Do chimpanzees have habeas corpus rights?

Chimpanzee Rights Get a Day in Court | WIRED - Brandon Keim:

May 27, 2015 - "More than a year after the starting fight for legal personhood for the research chimpanzees Hercules and Leo, the apes and their lawyers got their day in court. At a hearing in Manhattan on Wednesday, a judge heard arguments in the landmark lawsuit against Stony Brook University, with a decision expected later this summer. At stake: the question of whether only human beings deserve ... rights.

"A decision could set a precedent for challenging, under human law, the captivity of other chimpanzees — and perhaps other species. It’s a radical notion, and many legal experts doubted whether the lawsuit, one of several filed late in 2013 by the Nonhuman Rights Project, would ever reach court.

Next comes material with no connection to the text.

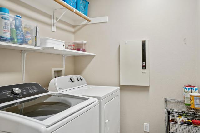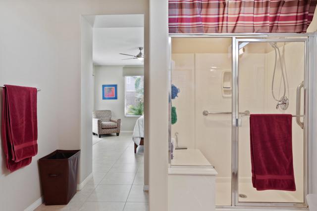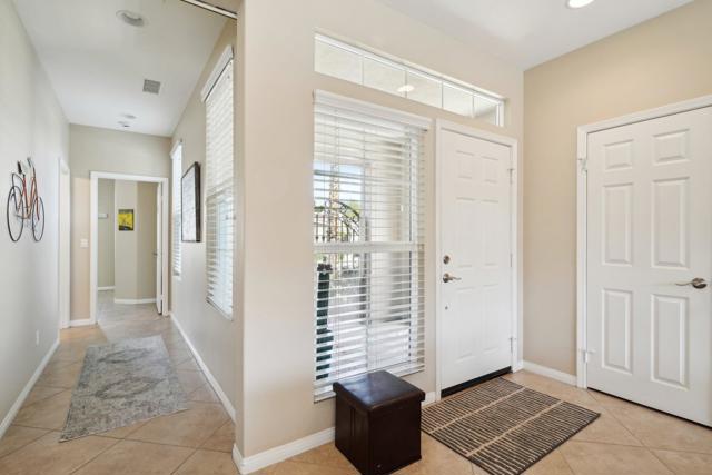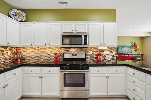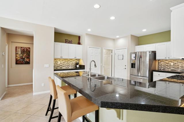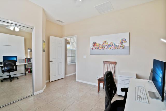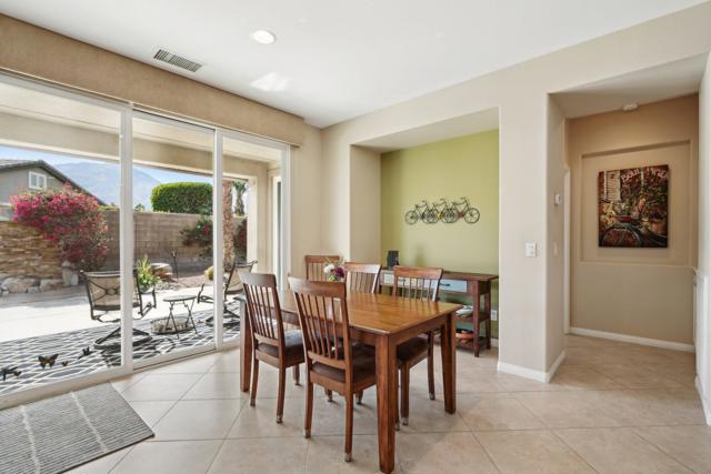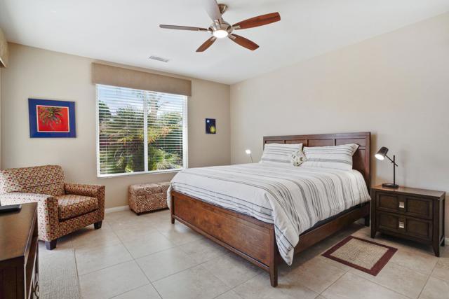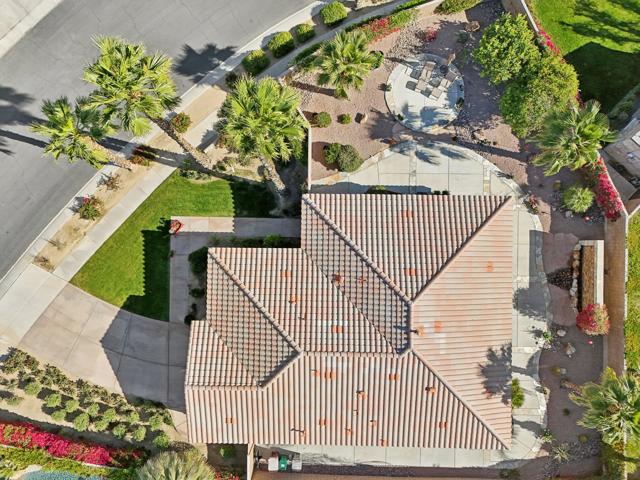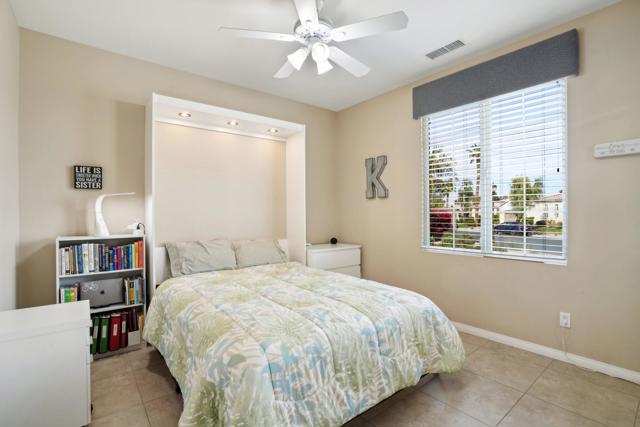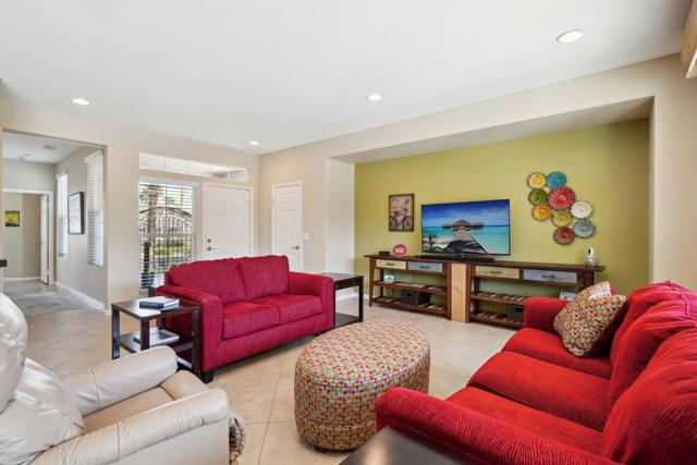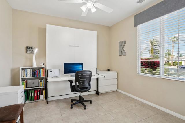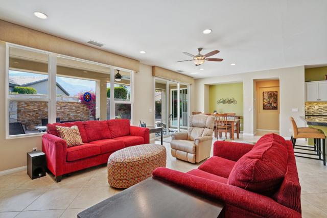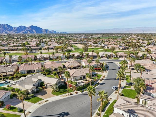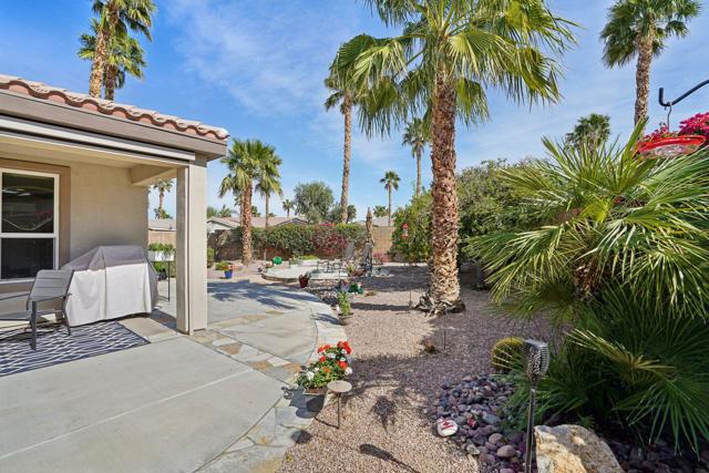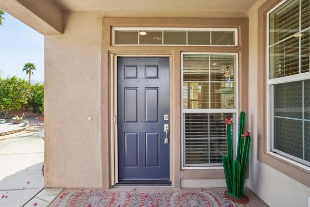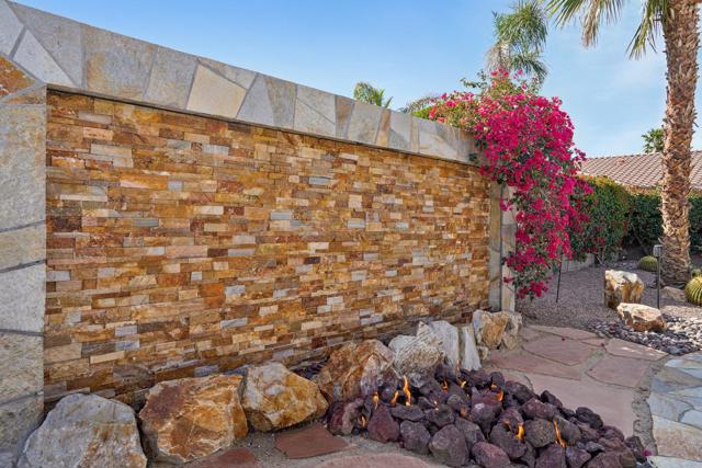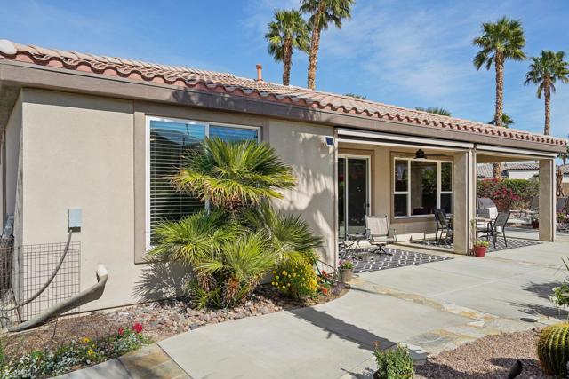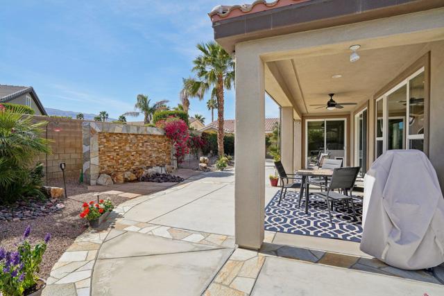 Presenting a stunning Oasis plan with sweeping southern mountain views, located in the highly desirable 55+ resort community of Trilogy La Quinta. Situated on an expansive and meticulously upgraded 10,454 sq. ft. lot, this thoughtfully designed 2-bedroom, 2-bath residence offers 1,551 sq. ft. of comfortable interior living. A charming wrought iron gate welcomes you into a covered entryway that opens to a spacious great room featuring a custom entertainment niche, elegant window treatments, and an adjacent dining area with recessed hutch space. The chef's kitchen embraces open concept living and showcases granite countertops, stainless steel appliances, a gas range, built-in microwave, breakfast bar seating, custom tile backsplash, white cabinetry with brushed nickel hardware, under-cabinet lighting, and a pantry. The guest quarters include a full bath with shower-over-tub and a professionally built and installed murphy bed, by Murphy Beds of Palm Desert, with a 12inch queen size mattress. This convenient murphy bed allows the 2nd bedroom to rapidly turn into a den/office. The primary suite offers tile flooring, patio access via a sliding door, and a well-appointed en suite bath with dual vanities, a large walk-in shower, generous cabinetry, and a spacious walk-in closet. Additional features include a separate laundry room and beautifully landscaped backyard with a covered patio and awnings, a circular side-yard retreat, custom concrete with flagstone accents, and a unique stacked-stone waterfall flowing aimlessly behind the lava rock fire feature--perfect for enjoying cool desert evenings. This remarkable home is a must-see--schedule your private showing today.
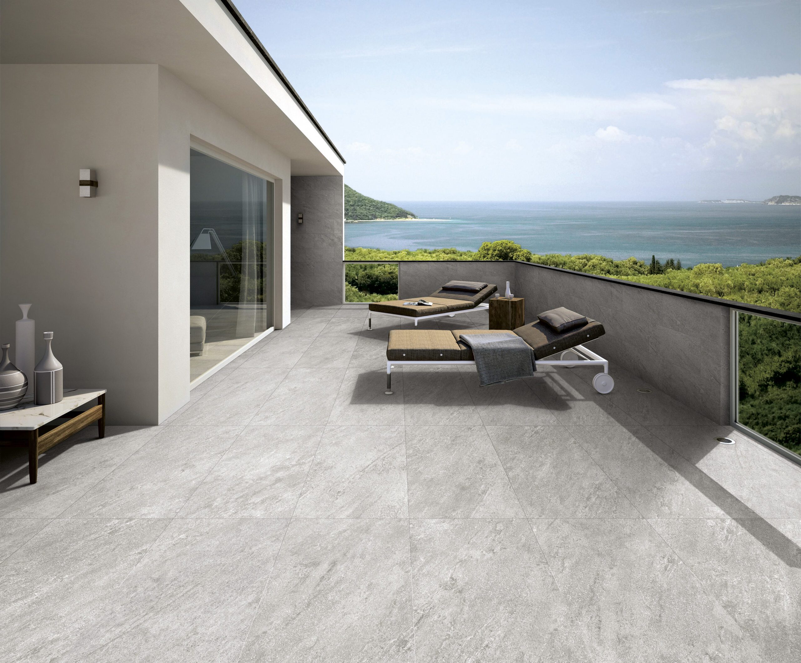 Feinsteinzeug in Steinoptik für den Außenbereich mit dem Charme natürlicher Quarzite mit hoher Rutschfestigkeit.

"But Justice Barbara Jaffe decided to consider the arguments. 'The law evolves according to new discoveries and social mores,' she said while presiding over the hearing. 'Isn’t it incumbent on judiciaries to at least consider whether a class of beings may be granted a right?'

"Jaffe posed that question to New York assistant attorney general Christopher Coulston, who represented the university, where the two chimps are housed. Coulston had argued that Jaffe was bound by the previous decisions of two appellate courts, which had ruled that other Nonhuman Rights Project chimps didn’t qualify for habeas corpus, the legal principle that protects people from illegal imprisonment.

"Both those decisions are controversial. In one, judges decided that habeas corpus didn’t apply because the chimp would be transferred from one form of captivity to another — in this case, a sanctuary. But illegally-held human prisoners have been released to mental hospitals, and juveniles into the care of guardians.

"In the other appeals court decision, judges declared that chimps are not legal persons because they can’t fulfill duties to human society. But that rationale arguably denies personhood to young children and mentally incapacitated individuals, as several high-profile legal scholars, including Constitutional law expert Laurence Tribe, pointed out. He filed a brief on behalf of the Nonhuman Rights Project, saying the court 'reached its conclusion on the basis of a fundamentally flawed definition of legal personhood.'"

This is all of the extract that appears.